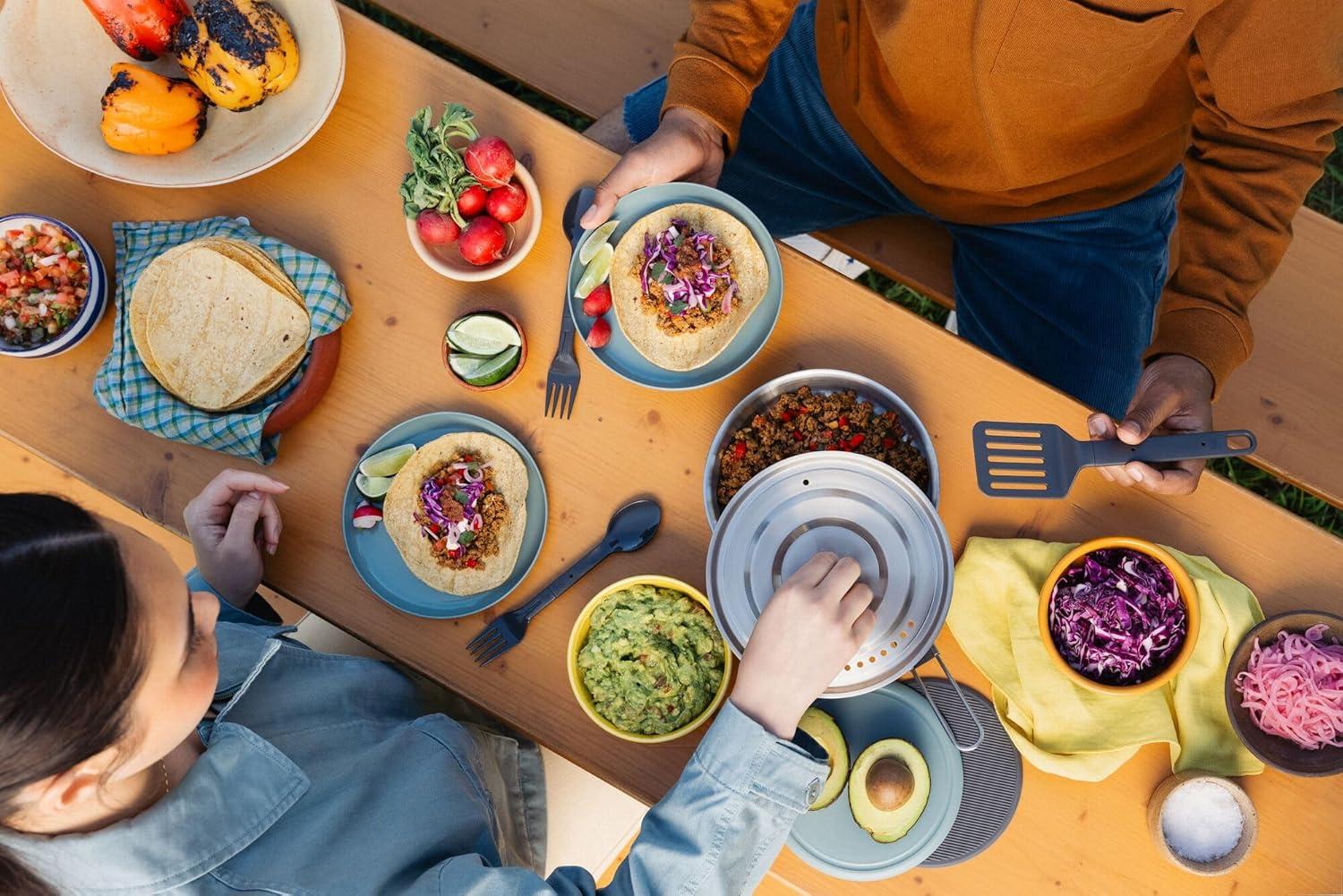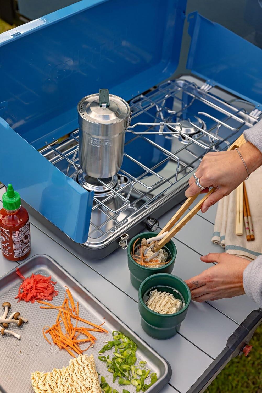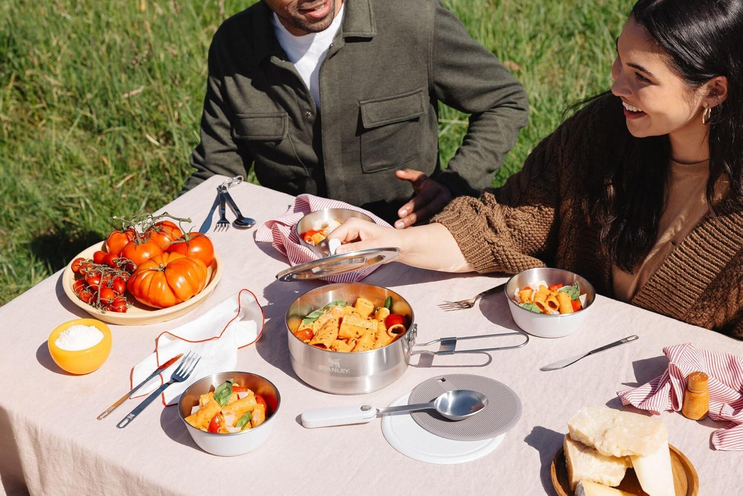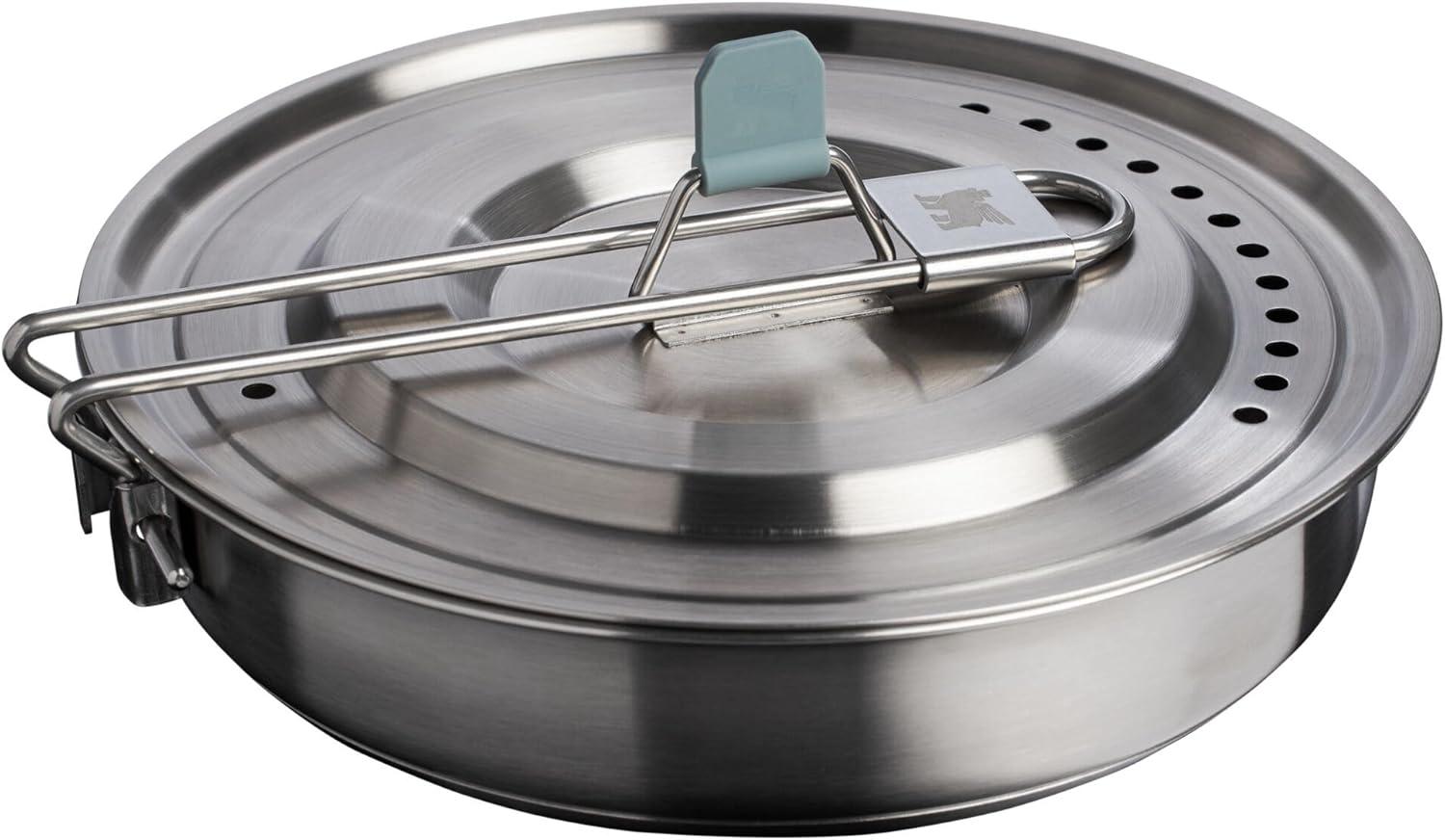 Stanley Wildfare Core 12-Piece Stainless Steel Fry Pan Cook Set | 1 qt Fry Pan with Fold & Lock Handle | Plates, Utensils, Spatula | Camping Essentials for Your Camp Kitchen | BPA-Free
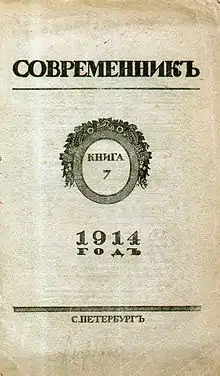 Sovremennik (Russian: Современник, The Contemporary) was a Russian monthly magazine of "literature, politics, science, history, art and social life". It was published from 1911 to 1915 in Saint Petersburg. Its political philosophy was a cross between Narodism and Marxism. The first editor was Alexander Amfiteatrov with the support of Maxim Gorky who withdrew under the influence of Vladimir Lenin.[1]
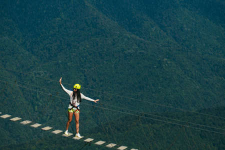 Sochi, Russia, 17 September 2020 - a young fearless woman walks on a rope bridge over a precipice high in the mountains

——————

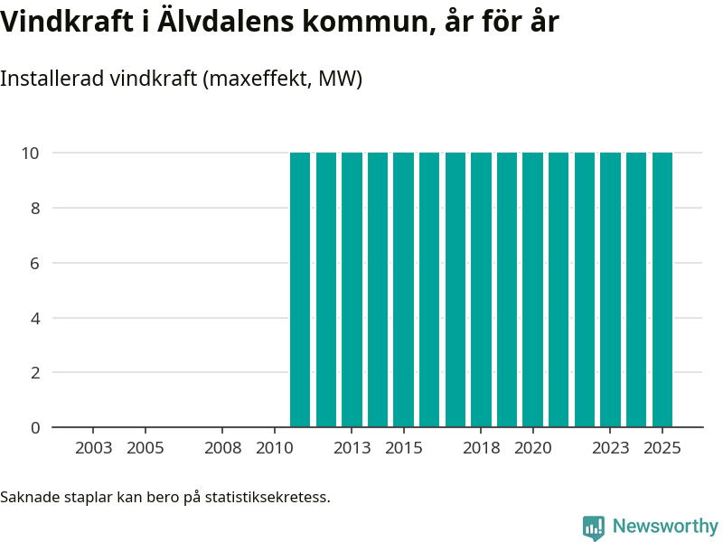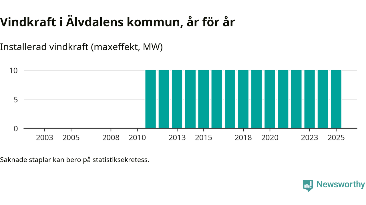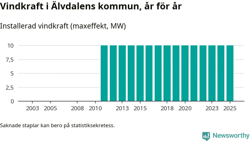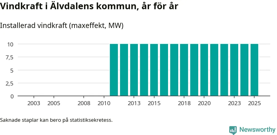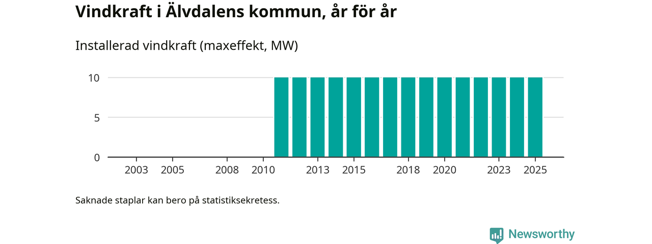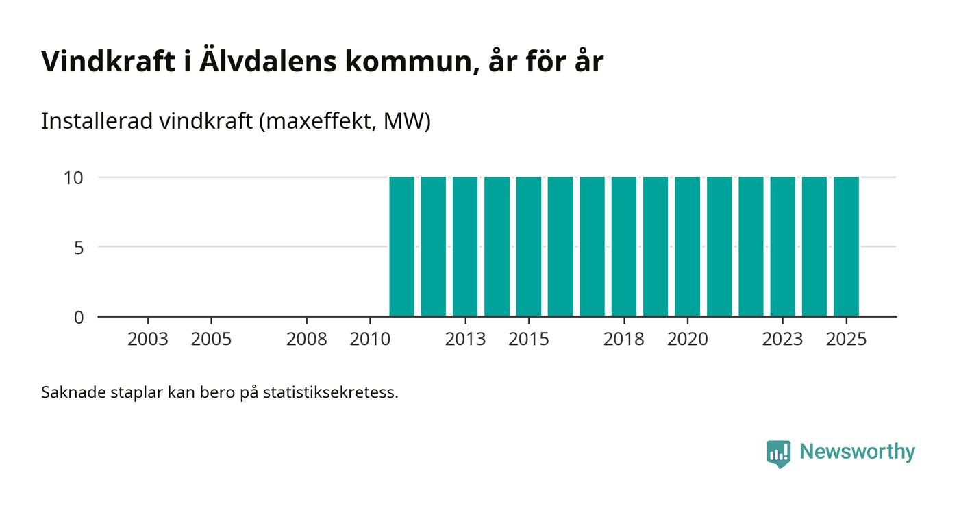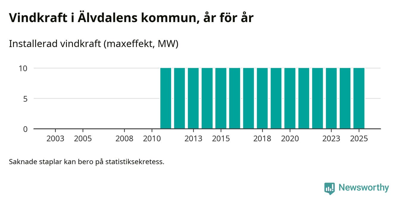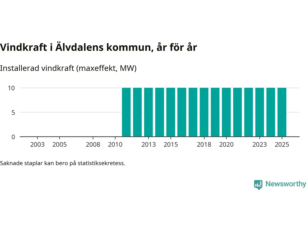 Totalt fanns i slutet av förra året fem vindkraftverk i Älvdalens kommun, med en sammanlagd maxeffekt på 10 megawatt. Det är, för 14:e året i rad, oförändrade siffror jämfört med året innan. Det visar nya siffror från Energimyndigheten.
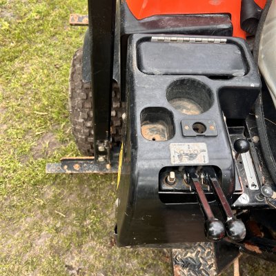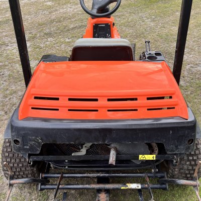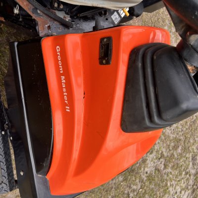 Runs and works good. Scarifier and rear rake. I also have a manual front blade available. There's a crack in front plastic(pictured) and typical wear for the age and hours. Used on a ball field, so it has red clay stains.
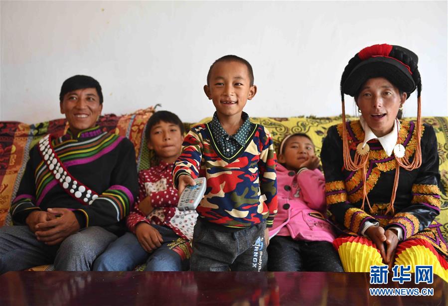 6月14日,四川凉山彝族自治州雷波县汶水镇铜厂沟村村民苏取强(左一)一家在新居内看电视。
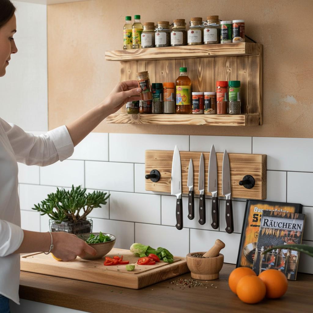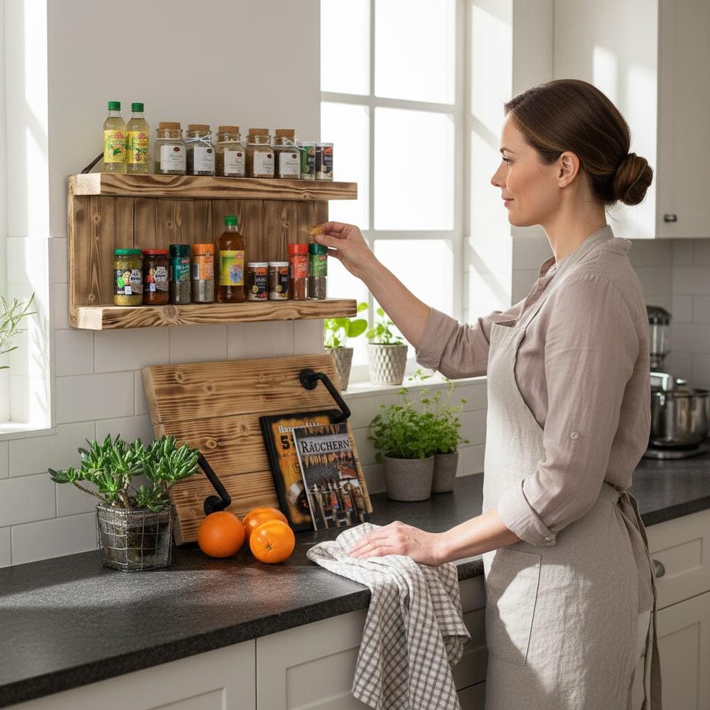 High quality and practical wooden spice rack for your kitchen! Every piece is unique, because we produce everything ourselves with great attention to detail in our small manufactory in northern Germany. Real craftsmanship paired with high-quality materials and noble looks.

——————

• Exercise aim
Transcribe the lines above exactly, beginning at the one with "Stanley Wildfare Core" and ending at the one with "Sochi, Russia, 17". Include both; exclude the pictures.

• Answer section
 Stanley Wildfare Core 12-Piece Stainless Steel Fry Pan Cook Set | 1 qt Fry Pan with Fold & Lock Handle | Plates, Utensils, Spatula | Camping Essentials for Your Camp Kitchen | BPA-Free
 Sovremennik (Russian: Современник, The Contemporary) was a Russian monthly magazine of "literature, politics, science, history, art and social life". It was published from 1911 to 1915 in Saint Petersburg. Its political philosophy was a cross between Narodism and Marxism. The first editor was Alexander Amfiteatrov with the support of Maxim Gorky who withdrew under the influence of Vladimir Lenin.[1]
 Sochi, Russia, 17 September 2020 - a young fearless woman walks on a rope bridge over a precipice high in the mountains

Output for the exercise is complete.